• **EXERCISE**
Output must consist only of the lines of the material below from the one with "Product Name Push" through the one with "如上圖所示,客戶通過手機(j", each reproduced exactly; no pictures belong in it.
(Beginning of MATERIAL PROVIDED)
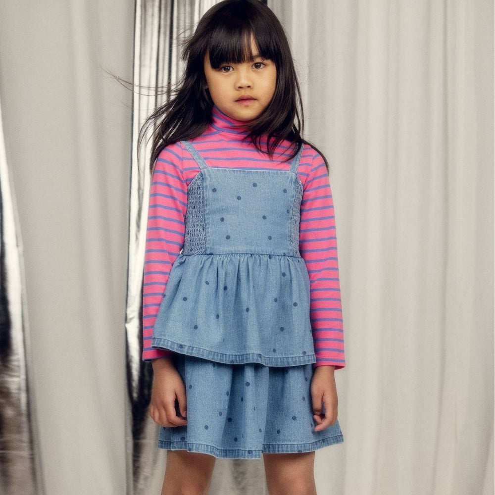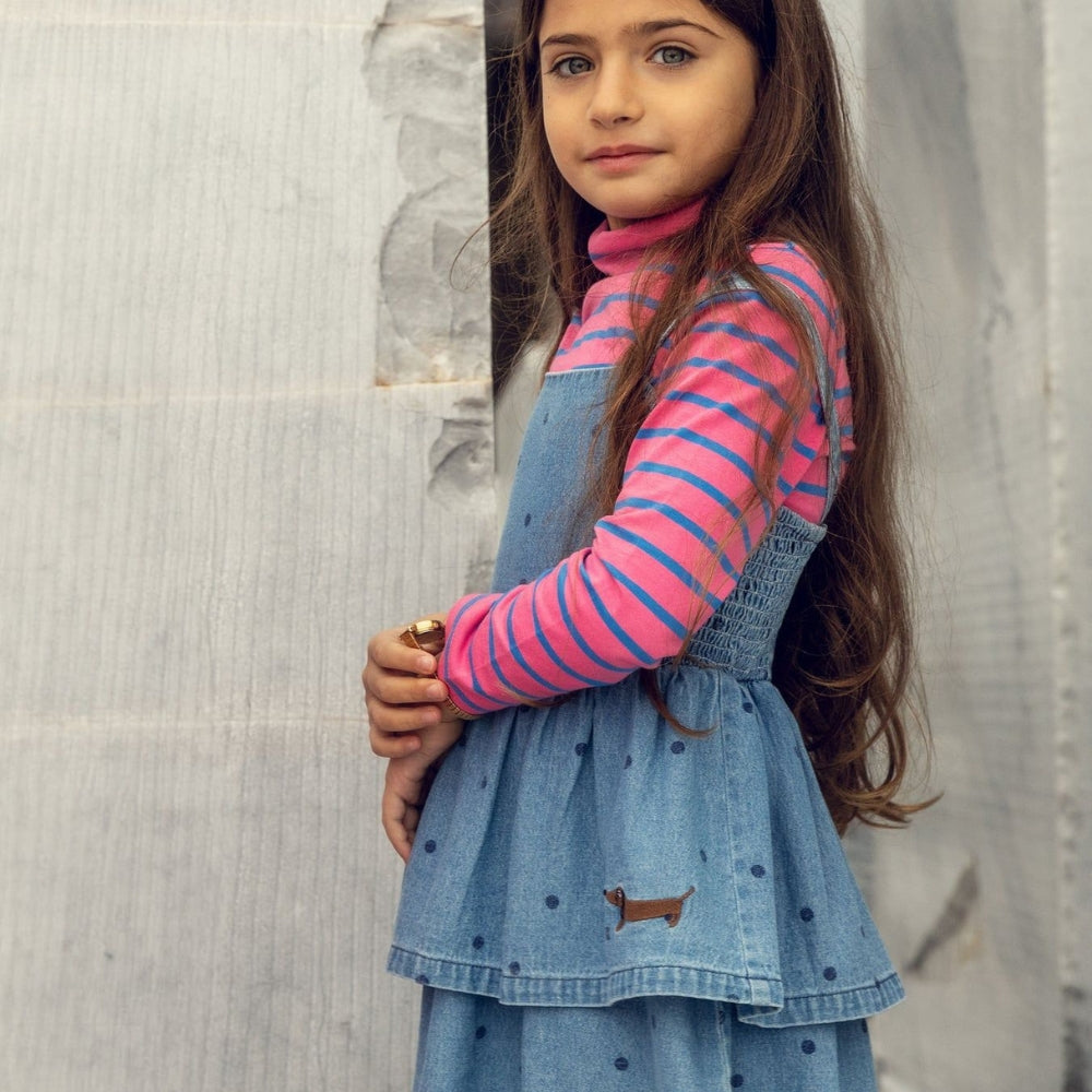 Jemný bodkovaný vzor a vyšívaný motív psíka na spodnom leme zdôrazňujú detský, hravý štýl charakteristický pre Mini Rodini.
(End of MATERIAL PROVIDED)
(Beginning of MATERIAL PROVIDED)
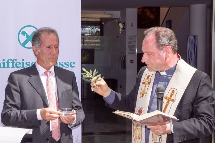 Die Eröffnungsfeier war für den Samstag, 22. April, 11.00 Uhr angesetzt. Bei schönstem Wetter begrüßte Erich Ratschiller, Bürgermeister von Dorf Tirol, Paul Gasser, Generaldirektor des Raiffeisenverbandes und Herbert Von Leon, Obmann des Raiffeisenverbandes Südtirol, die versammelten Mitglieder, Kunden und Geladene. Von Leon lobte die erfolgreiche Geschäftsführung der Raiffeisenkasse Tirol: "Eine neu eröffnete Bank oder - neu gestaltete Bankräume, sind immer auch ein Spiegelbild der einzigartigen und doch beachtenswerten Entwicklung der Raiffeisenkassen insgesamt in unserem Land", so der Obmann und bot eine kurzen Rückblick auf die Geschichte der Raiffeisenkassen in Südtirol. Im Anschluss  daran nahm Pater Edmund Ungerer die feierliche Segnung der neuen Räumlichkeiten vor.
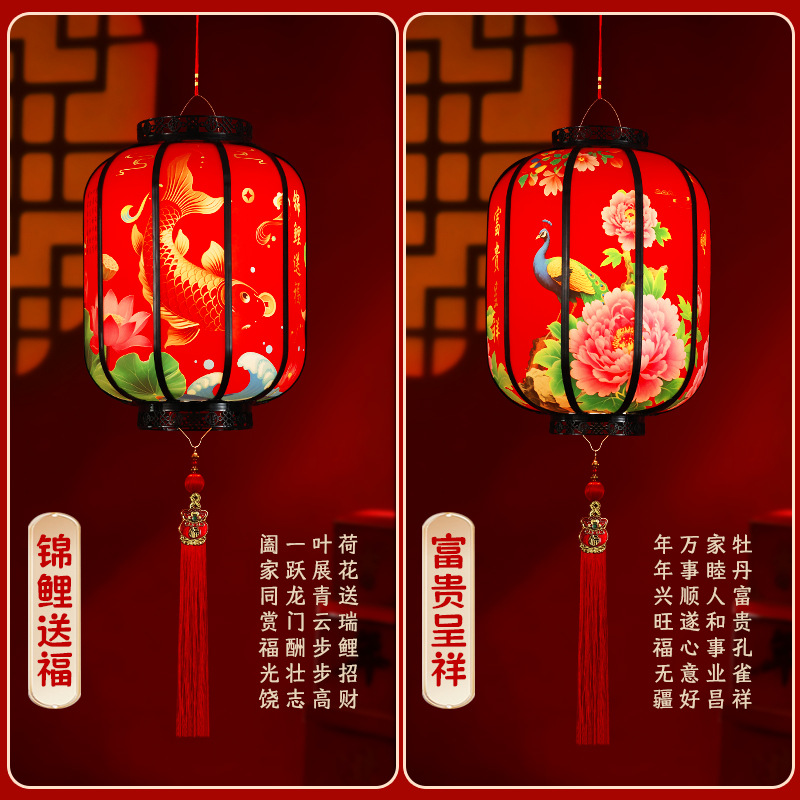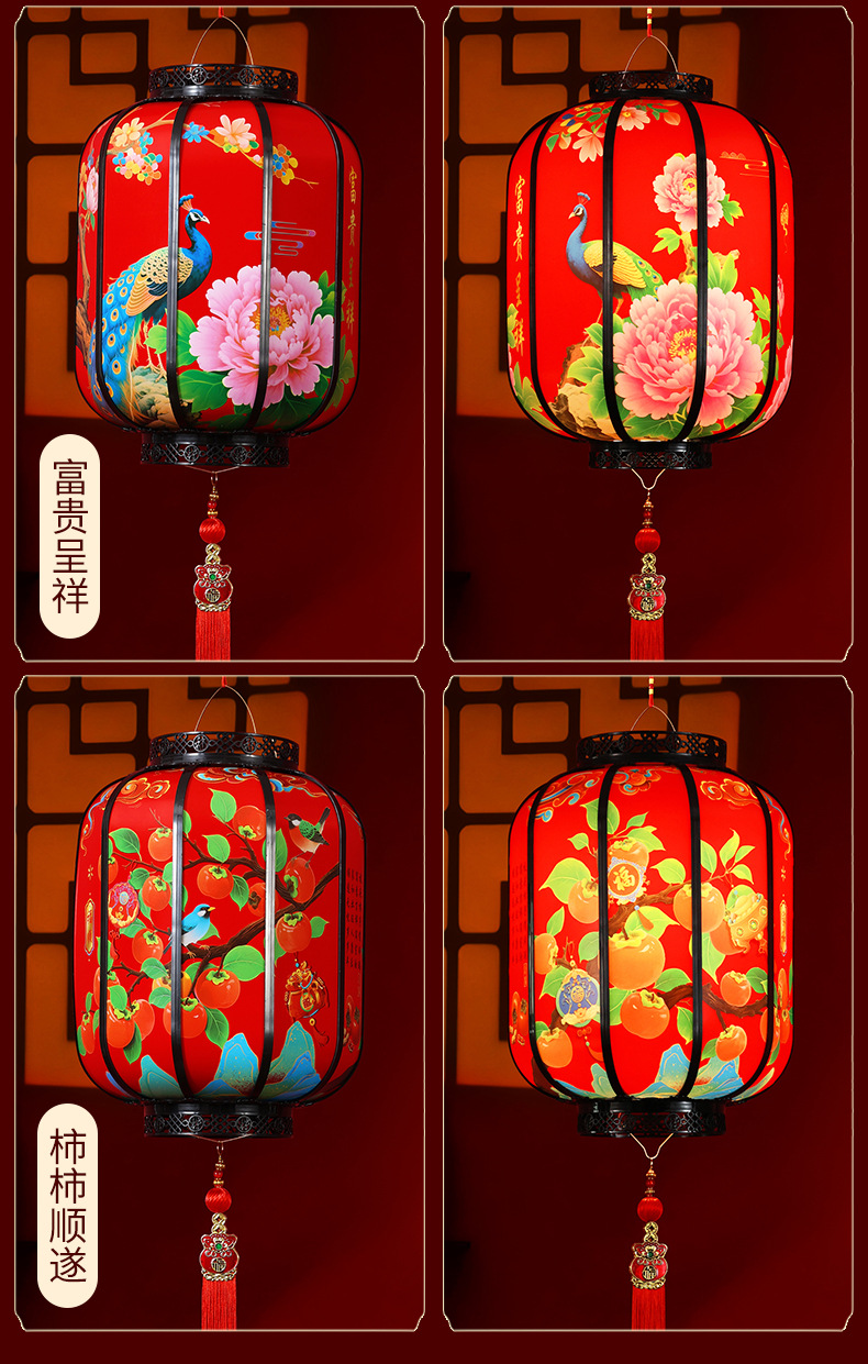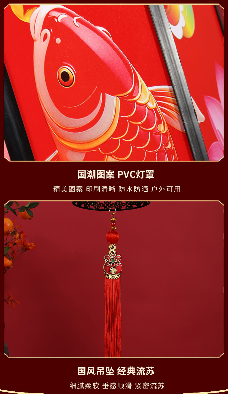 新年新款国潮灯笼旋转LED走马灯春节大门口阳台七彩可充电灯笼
(End of MATERIAL PROVIDED)
(Beginning of MATERIAL PROVIDED)
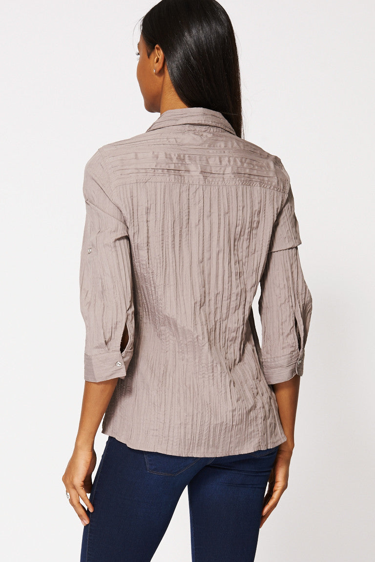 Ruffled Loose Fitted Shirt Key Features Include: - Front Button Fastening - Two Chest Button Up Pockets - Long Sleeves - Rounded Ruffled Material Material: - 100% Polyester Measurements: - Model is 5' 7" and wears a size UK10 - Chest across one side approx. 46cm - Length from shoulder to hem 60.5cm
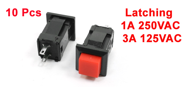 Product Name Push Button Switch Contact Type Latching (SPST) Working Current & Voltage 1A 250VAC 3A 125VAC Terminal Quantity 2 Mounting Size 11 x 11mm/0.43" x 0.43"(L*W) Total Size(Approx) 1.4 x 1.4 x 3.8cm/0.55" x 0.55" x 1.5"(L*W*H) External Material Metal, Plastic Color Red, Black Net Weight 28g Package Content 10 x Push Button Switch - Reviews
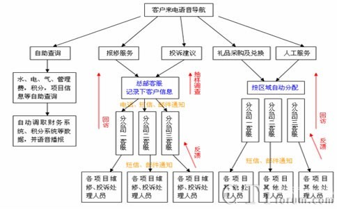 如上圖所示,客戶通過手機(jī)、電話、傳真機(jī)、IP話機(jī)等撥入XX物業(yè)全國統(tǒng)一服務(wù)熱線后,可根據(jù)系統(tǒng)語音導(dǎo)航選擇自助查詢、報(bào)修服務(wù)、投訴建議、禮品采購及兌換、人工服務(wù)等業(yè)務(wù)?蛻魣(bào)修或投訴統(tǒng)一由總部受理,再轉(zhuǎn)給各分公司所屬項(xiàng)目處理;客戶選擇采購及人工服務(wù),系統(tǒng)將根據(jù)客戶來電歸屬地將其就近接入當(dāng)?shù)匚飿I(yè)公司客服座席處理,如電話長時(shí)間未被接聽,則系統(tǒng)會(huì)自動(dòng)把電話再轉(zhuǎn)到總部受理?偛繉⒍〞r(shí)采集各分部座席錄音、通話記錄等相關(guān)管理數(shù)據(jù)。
(End of MATERIAL PROVIDED)
• **OUTPUT BELOW**
 Product Name Push Button Switch Contact Type Latching (SPST) Working Current & Voltage 1A 250VAC 3A 125VAC Terminal Quantity 2 Mounting Size 11 x 11mm/0.43" x 0.43"(L*W) Total Size(Approx) 1.4 x 1.4 x 3.8cm/0.55" x 0.55" x 1.5"(L*W*H) External Material Metal, Plastic Color Red, Black Net Weight 28g Package Content 10 x Push Button Switch - Reviews
 如上圖所示,客戶通過手機(jī)、電話、傳真機(jī)、IP話機(jī)等撥入XX物業(yè)全國統(tǒng)一服務(wù)熱線后,可根據(jù)系統(tǒng)語音導(dǎo)航選擇自助查詢、報(bào)修服務(wù)、投訴建議、禮品采購及兌換、人工服務(wù)等業(yè)務(wù)?蛻魣(bào)修或投訴統(tǒng)一由總部受理,再轉(zhuǎn)給各分公司所屬項(xiàng)目處理;客戶選擇采購及人工服務(wù),系統(tǒng)將根據(jù)客戶來電歸屬地將其就近接入當(dāng)?shù)匚飿I(yè)公司客服座席處理,如電話長時(shí)間未被接聽,則系統(tǒng)會(huì)自動(dòng)把電話再轉(zhuǎn)到總部受理?偛繉⒍〞r(shí)采集各分部座席錄音、通話記錄等相關(guān)管理數(shù)據(jù)。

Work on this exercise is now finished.